Roc is described by Stratolaunch as a ‘Mobile, Multi-Vehicle Launch Platform’. Manufactured by Scaled Composites, the aircraft is a twin-fuselage design much like Virgin Galactic’s White Knight Two. Powered by six Boeing 747 engines and with a wingspan of 117 m (385 ft), almost 20 m (65 ft) wider than the famous Hughes H-4 Hercules (AKA the Spruce Goose), the aircraft can carry around 225,000 kg (500,000 lbs) of payload under its center wing.

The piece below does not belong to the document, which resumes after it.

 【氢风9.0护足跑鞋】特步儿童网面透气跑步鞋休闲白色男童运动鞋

Roc’s first flight was on April 13, 2019. Since then there has been a change in ownership and many questions left unanswered. But this year the aircraft started to make its way out of the hanger once again for multiple taxi tests. After the two flight attempts of 2021 were scrubbed due to weather constraints the mighty Roc took to the skies once again from the Mojave Air and Space Port, just over two years since its first flight on April 28.

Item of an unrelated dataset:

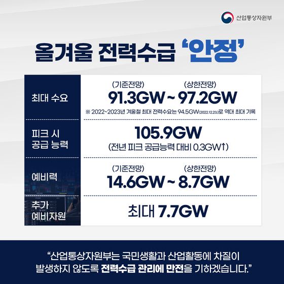 올해 겨울은 원전과 재생에너지 등 발전기의 꾸준한 증가에 따라 역대 최초로 전력수급 대책 기간 모든 주차에 100GW 이상의 공급능력이 확보됐다.

For over three hours Roc performed a series of flight test maneuvers over the Mojave Desert as employees and aviation enthusiasts watched on from the ground. After two low passes over the runway Roc finally touched down at 10:42 AM PDT.
Future ahead for Stratolaunch
Stratolaunch plans to use Roc as their Carrier Aircraft for hypersonic vehicle testing, but eventually also for air-launched space planes and rockets. Most recently the company shared four images of their current progress of Talon-A on Twitter.
Talon-A is intended to be a Mach 6-class vehicle to allow for more routine hypersonic testing. At 8.5 m (28 ft) in length and a wingspan of 3.4 m (11.3 ft), Talon-A is slightly smaller than the Boeing X-37B or the Sierra Nevada Dream Chaser, though these are different classes of vehicles.
Talon-1 will fly in a fully autonomous and fully reusable configuration. A one-minute powered flight will accelerate the vehicle up to Mach 6 before it glides back to a runway to land. Once operational Talon-A will be able to host various payloads internally or externally with different options such as sensors, optical windows, and instrumentation, etc.
Based on the wording of recent tweets from Stratolaunch it sounds like we should be seeing more test flights of Roc in the near future.